“Driving drunk is no different than shooting a firearm into a crowded room. The bullet might hit someone, or it might not. The only thing that stops it from being a homicide is dumb luck.” —Bob Lonsberry
On January 28, 2000, a young mother named Michelle Bradley was killed and her 12-year-old daughter was injured in West Valley City at the hands of Robert J. VanDyke (see D-News article). VanDyke, was driving drunk when his vehicle crossed into the Bradley’s lane of travel and collided with their vehicle. Despite numerous instances of being charged with DUI over the previous 15 years, up to that time VanDyke had spent less than 7½ cumulative hours in jail. He was out on bail for yet another DUI when he killed Michelle Bradley.
This time VanDyke could not escape doing actual prison time. As part of his sentencing, he wrote a letter of apology to the family of Michelle Bradley, saying, “I am committed to try with all my heart not to drink again.” After only five years in jail for this killing, VanDyke was pulled over for drunk driving yet again about a year and a half into his parole. Now he finds his bail increased to $100,000. It seems that the court was not amused with his lawyer’s excuse that he could not get a ride to the hearing, although, he had 23 days to make necessary arrangements (see SL-Trib article, D-News article).

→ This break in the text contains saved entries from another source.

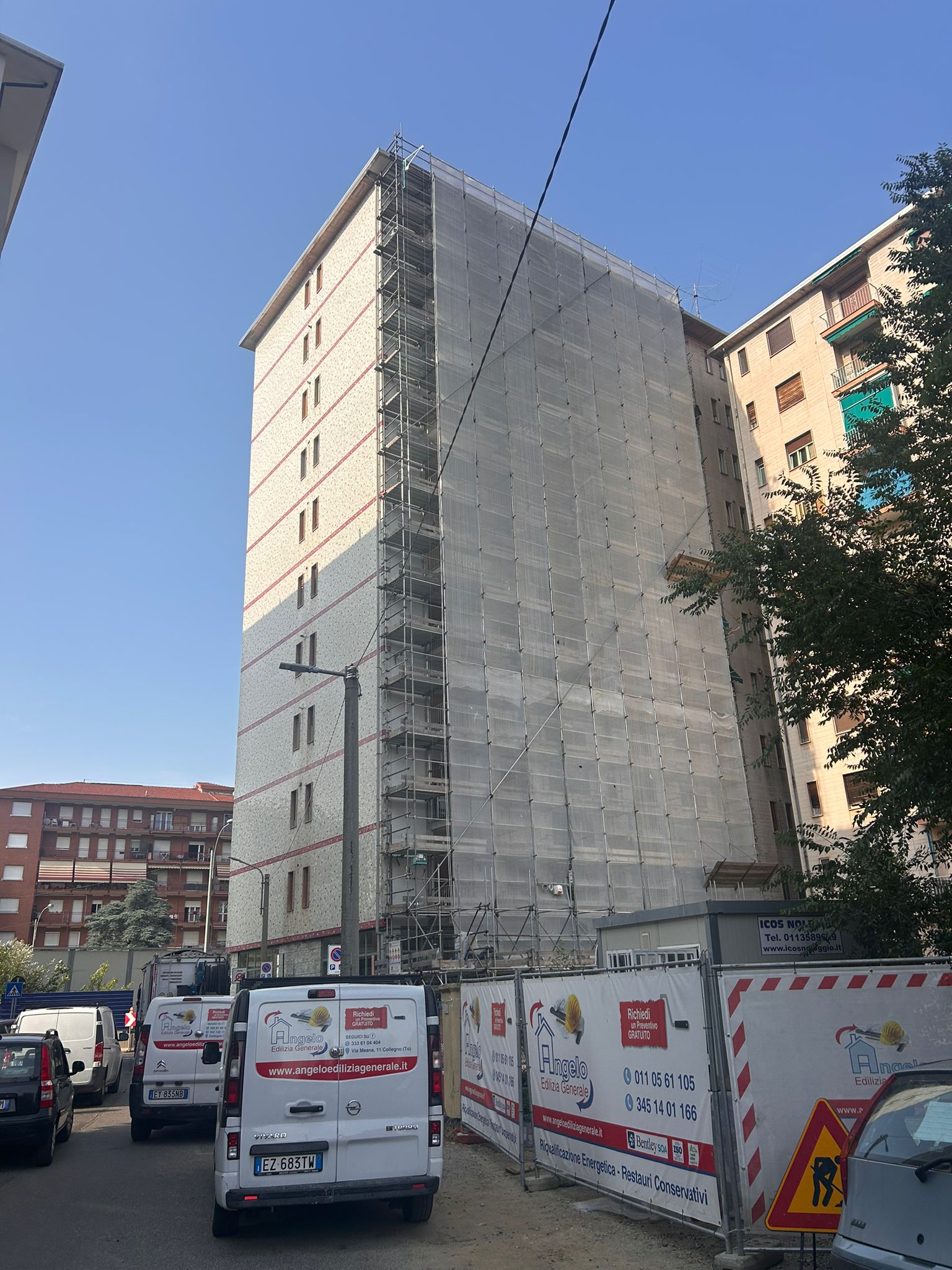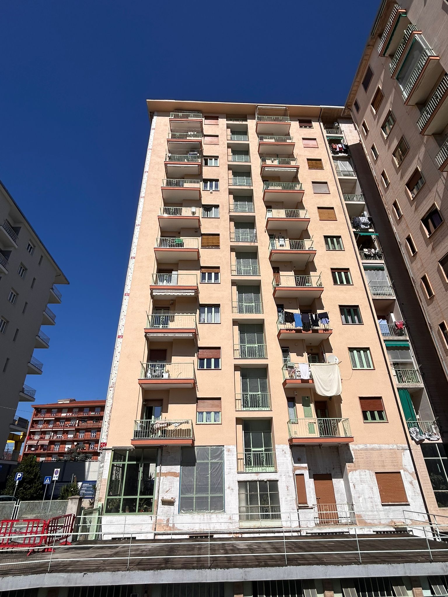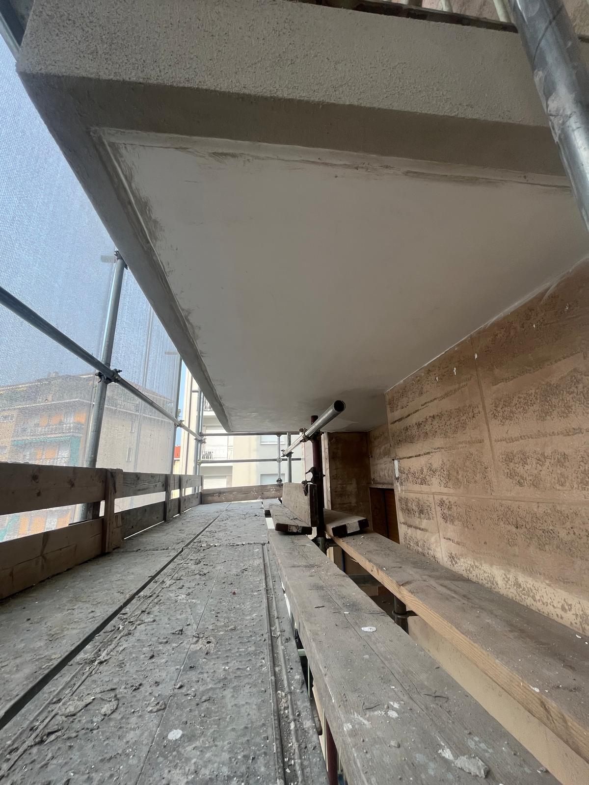 Intervento di restauro conservativo della facciata cortile del condominio di Corso Francia 155 a Collegno. Eseguite decorazioni e trattamenti protettivi sulle superfici in cemento armato. Realizzata rasatura e tinteggiatura integrale delle facciate intonacate. Completata la revisione e verniciatura delle opere in ferro di balconi e parapetti. Installato un nuovo isolamento termico del piano piloty, migliorando efficienza energetica e comfort abitativo.
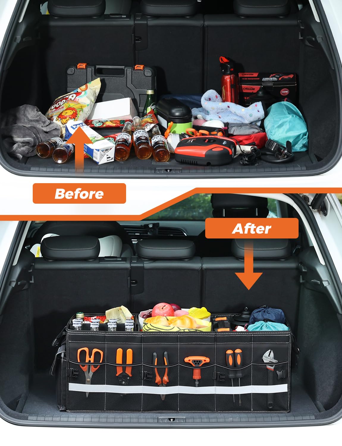 Collapsible: The trunk organizer can fold in snap with clips into a flat portable bag for easy carrying and storing; half-folded mode is ideal for the business or solo traveler by fitting in the passenger seat
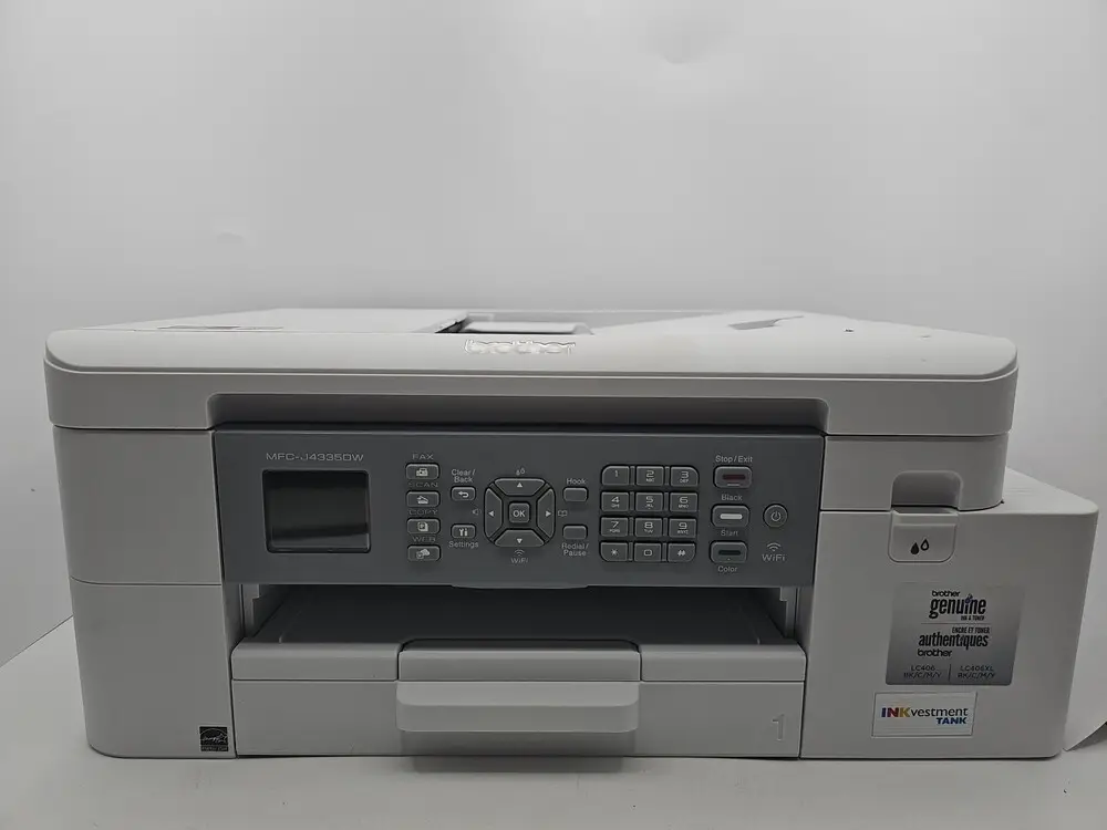 The MFC-J4335DW boasts fast printing speeds up to 20 pages per minute in black and 19 pages per minute in color, enhancing office productivity. Its wireless connectivity options facilitate seamless integration into various network environments without the need for cables. The printer’s automatic duplex feature reduces paper usage, promoting environmental friendliness and cost savings. It includes a 150-sheet paper tray capacity, minimizing the frequency of paper refills. The user-friendly 1.8-inch color display simplifies navigation of printer settings and operations. Brother's INKvestment Tank ink system lowers ink costs with high-capacity cartridges, supporting economical printing requirements.
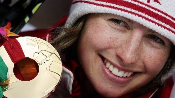 Canada's Chandra Crawford presents her gold medal after winning the women's sprint cross-country skiing race at the Torino 2006 Winter Olympic Games in Pragelato, Italy, February 22, 2006.Reuters
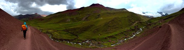 Le sentier passait alors par une vallée aux couleurs toutes aussi contrastantes que surprenantes; un versant de vallée tout rouge (sable), le fond de la vallée vert radioactif (végétation), avec le glacier (tout blanc) en arrière plan.
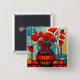 A.I. la interpretación creada de las amapolas rojas vibrantes se presenta de forma estilizada, floreciendo a partir de un jarrón marrón rayado y azul contra un fondo compuesto de formas geométricas surrealistas.
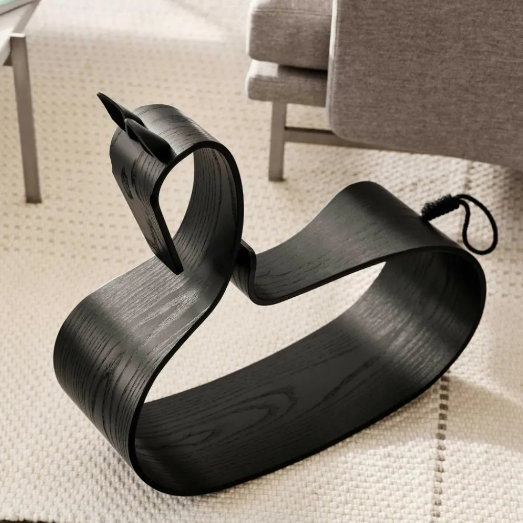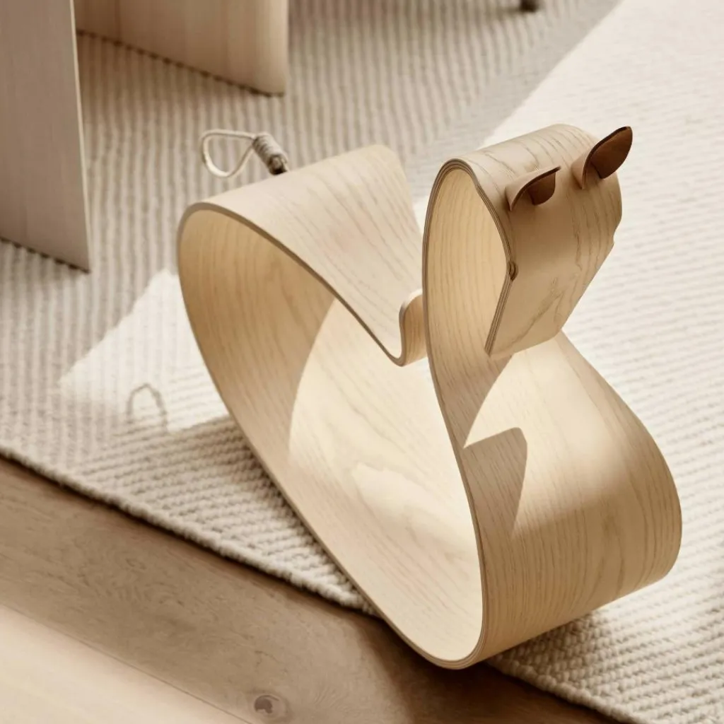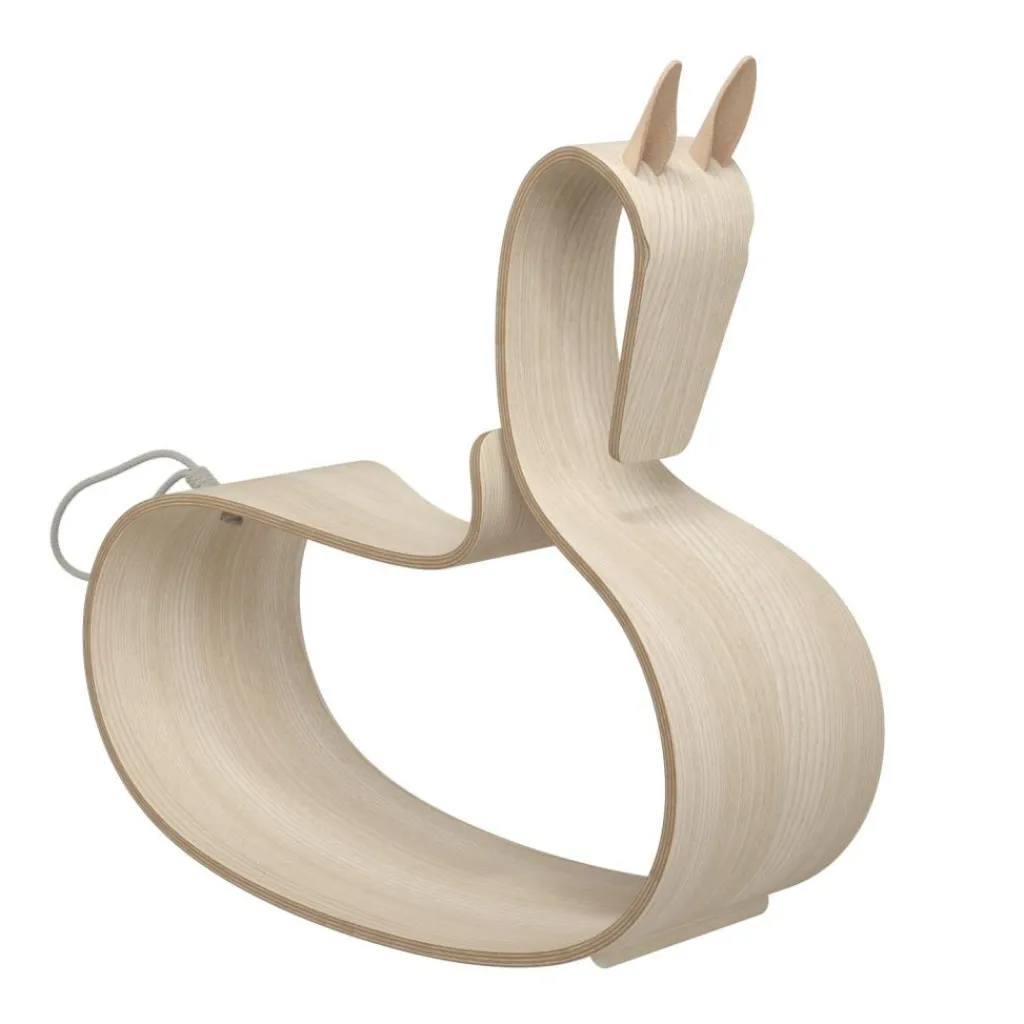 Das Schaukelpferd wurde für die Marke Fritz Hansen entworfen. Die verspielte Kreation stammt aus dem Jahr 1946 und markiert den Beginn einer Design-Ära, in der formgepresstes Furnierholz im Möbeldesign Bedeutung erlangte. Damit ist es nicht nur ein Stück Handwerksgeschichte. Das Design ist auch bezeichnend für die Ambitionen, jede beliebige Form aus dem damals innovativen Material möglich zu machen. Das neu aufgelegte Designobjekt ist eine Hommage an die Pionierarbeit dieses kunstvollen Handwerks.
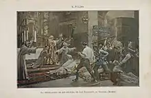 The massacre of friars in Madrid in 1834 was an anti-clerical riot that took place on July 17, 1834, in the capital of Spain during the regency of Maria Cristina and the first Carlist war (1833-1840) in which several convents in the center of Madrid were assaulted and 73 friars were killed and 11 were wounded, because of the rumor that spread through the city that the cholera epidemic that had been ravaging the city since the end of June and that had worsened on July 15 had occurred because "the water in the public fountains had been poisoned by the friars".[1] "The result of little more than twelve hours of violence" was a "party of blood and vengeance".[2] "It was the first time that the Church had been subjected to the uncontrolled actions of its own believers. As contemporaries observed, these events demonstrated, above all, the loss of prestige of the religious in Catholic Spain, as was happening in other countries".[3]
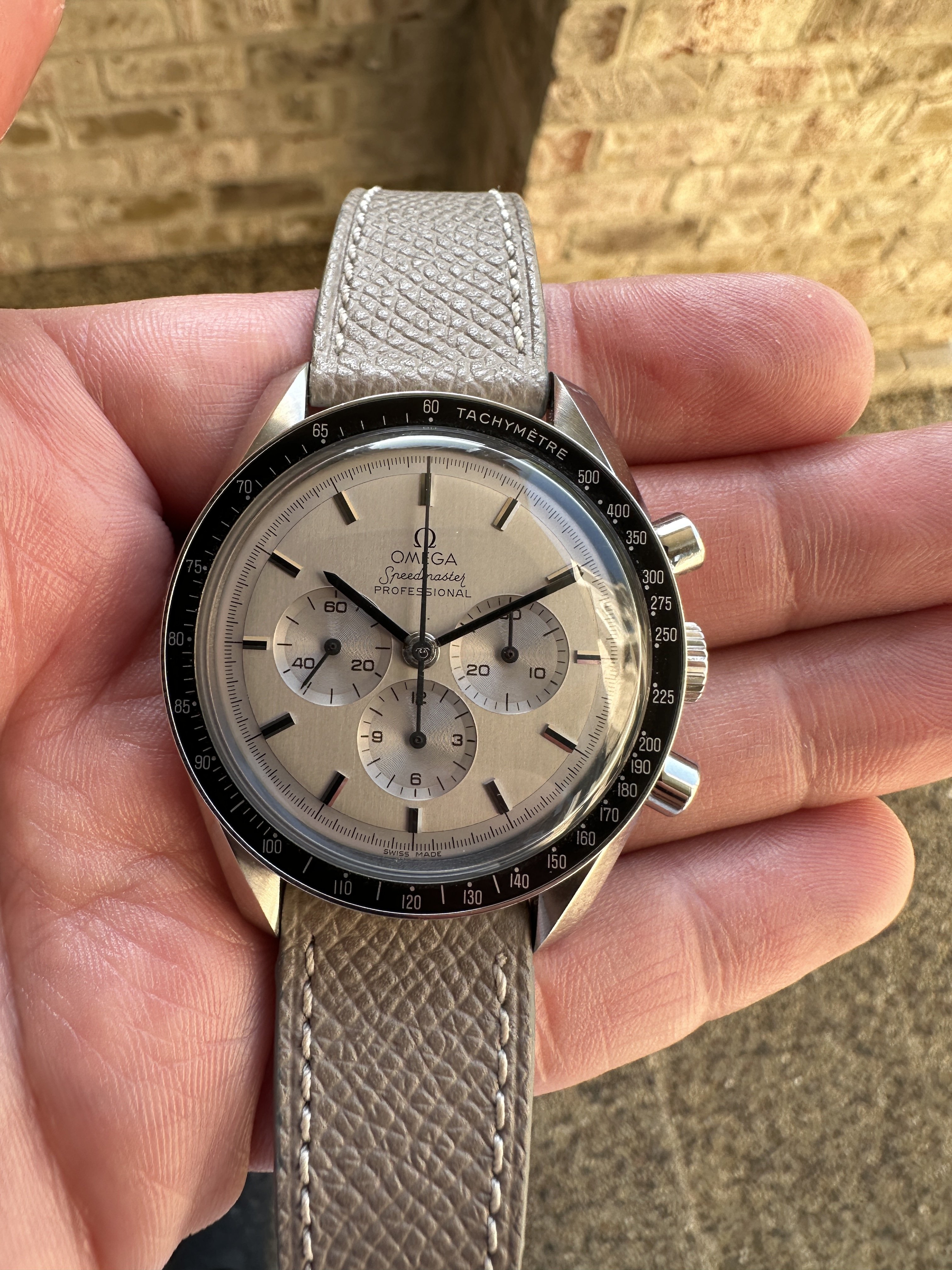 ·Up for grabs is a Speedmaster Rhodium Dial mod. This was worn after completion, but is still in nice overall shape.
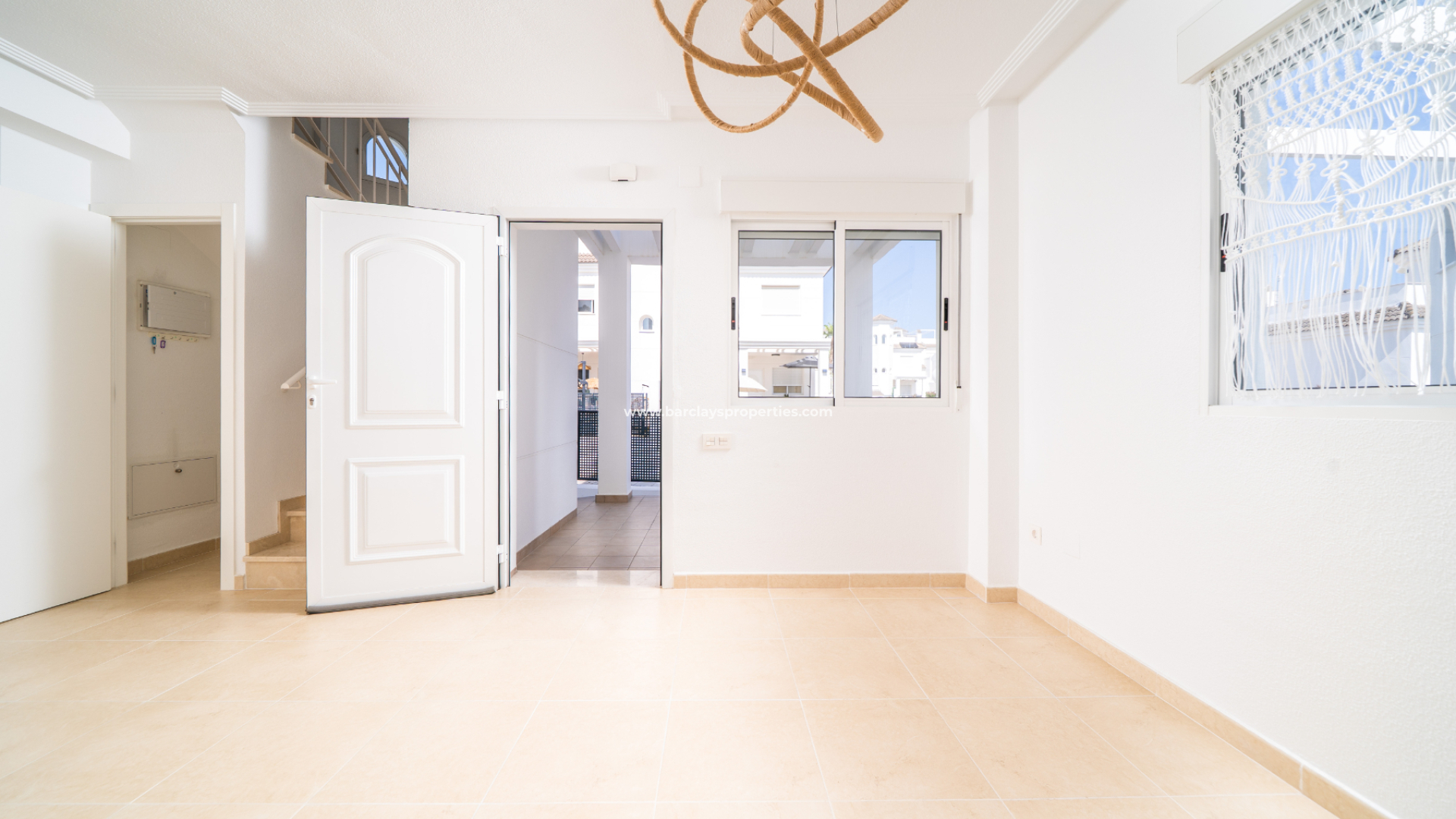 Die Immobilie verfügt über 2 Schlafzimmer und 3 Badezimmer (eins davon en-suite zum Hauptschlafzimmer), großzügige Wohn- und Essbereiche, eine gut ausgestattete Küche, Abstellräume (darunter ein großer Stauraum unter der Treppe), Terrassen vorne und hinten, eine private Terrasse am Hauptschlafzimmer sowie ein Solarium auf dem Dach mit herrlichem Blick auf die Umgebung.
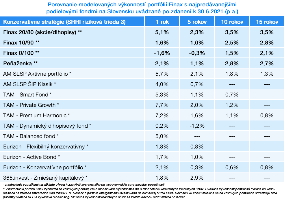 Konzervatívnejšie podielové fondy preto zostávajú najkonkurenčnejšie voči obdobným portfóliám Finaxu. To niektoré z nich potvrdili v uplynulom roku, kedy sa v rizikovej skupine 3 našli podielové fondy, ktoré výkonnosťou prekonali portfóliá Finaxu
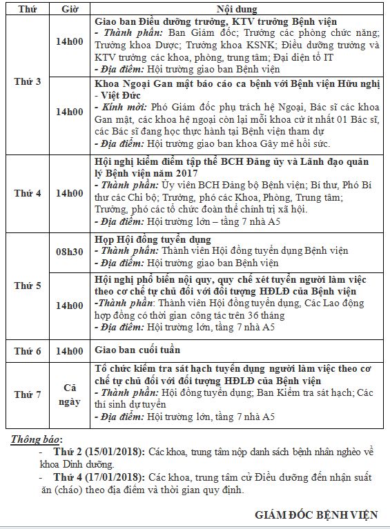Lịch công tác tuần từ ngày 15/01/2018 đến ngày 20/01/2018 Tài liệu đi kèm:Lịch công tác tuần (Bản word)
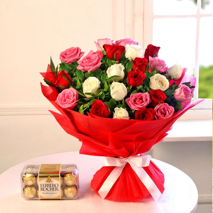 Round Bouquet Of Mixed Flowers With 16pc Ferrero Rocher
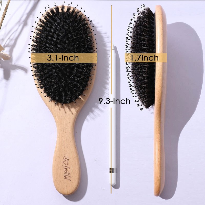 - HELP PROTECT YOUR HAIR: The combination boar bristles and nylon pins has 340 bunchs take better care of you hair, the boar bristles distribute your hair’s natural oils and removes the dust, oil, dandruff and dirt say goodbye to frizzy and uncontrollable hair days perfect for creating and maintaining healthy hair
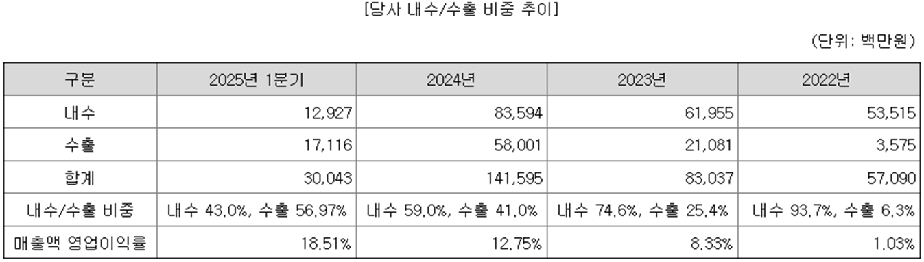 - 상위 3개 매출처 비중 2024년 85.29%, 2025년 1분기 88.72%로 높음

Bob Lonsberry suggests that Utah’s treatment of drunk driving does not reflect the seriousness of the offense. He argues that we can clear this up easily by requiring a mandatory sentence of one year in the county jail on the first DUI offense, with no possibility of getting out early or commuting any of the sentence to community service. He further prescribes a mandatory 10-year sentence in the state penitentiary for the second offence. Yes, this will wreak havoc on the offender’s personal life and will harshly impact the innocents connected to the offender. But if the message gets out that driving under the influence even once will seriously and permanently mess up your life, Lonsberry contends, people will be much less likely to engage in that behavior.
That sounds like a great solution. But this Standard Examiner editorial points out some problems with harsh mandatory sentencing that simply cannot be ignored. The editorial focuses on the excessively repugnant crime of child sexual abuse, but many of the editors’ points apply to DUI and other serious crimes as well.
In 1983 Utah passed a mandatory sentencing law for predatory pedophiles. But the law was repealed in 1995 because “the minimum-mandatory sentences allowed prosecutors to force defendants to plead guilty to lesser charges.” Also, our politicians apparently feel that Utah’s taxpayers are about tapped out on what they are willing to pay for corrections. Thus, minimum-mandatory sentences result in overcrowding and moving criminals to less expensive county facilities, where they mingle with and train less serious offenders.
For those of you that are thinking that we should remove prosecutors’ ability to plea bargain in certain types of cases, you may want to actually do some research into our justice system and find out what works and what doesn’t. Consider, for example, this interview with a criminal court judge in Houston. He says, “If we had an ideal situation, where every case that came in was tried before a jury who speaks for our community, we would be sending these cases for 10 years down the road to be tried. There just aren't enough courts to try these cases before a jury because the of number of cases.” It is argued that plea bargains for the most part help achieve outcomes that would be likely with a full-blown jury trial, but at a substantially lower cost to the taxpayers.
In actuality, very few cases end up going to trial. The vast majority of cases are resolved via plea bargain. The cases that do go to trial end up being the input data for modeling plea bargains. The interview referenced above addresses concerns about innocent people accepting plea bargains and mistakes that can (and do) occur in the bargaining process. The judge admits that the public is generally suspicious of plea bargains, but he also suggests that plea bargains are a decent tool for achieving a level of justice that is generally acceptable to the community.
The trouble occurs when we see an obvious problem. Mr. VanDyke should have been dealt with much more aggressively during his 15 years of DUIs prior to Jan. 28, 2000, whether this meant treatment, incarceration, or both. Had that occurred, Mrs. Bradley may be alive today. And was justice served when VanDyke spent only five years in jail for taking the life of this innocent young mother?
Cases like this cause us to demand harsher punishment. But the question then arises as to whether we are actually willing to pay for this harsher punishment. Corrections is severely under budgeted in Utah, and legislators are scrambling to figure out how to begin to remedy the problem when there are so many other demands for taxpayer dollars. Legislating harsher sentences without budgeting for the increased expense is too much like the way Congress increases discretionary spending without allotting actual revenues to cover the increased expenditure.
We want justice served, but at what price? We all want predatory pedophiles and dangerous drunk drivers put where they can’t harm innocents. But what is actually the best way to accomplish this at a cost taxpayers are willing to bear? As we can see, this issue is more complex than it appears on the surface.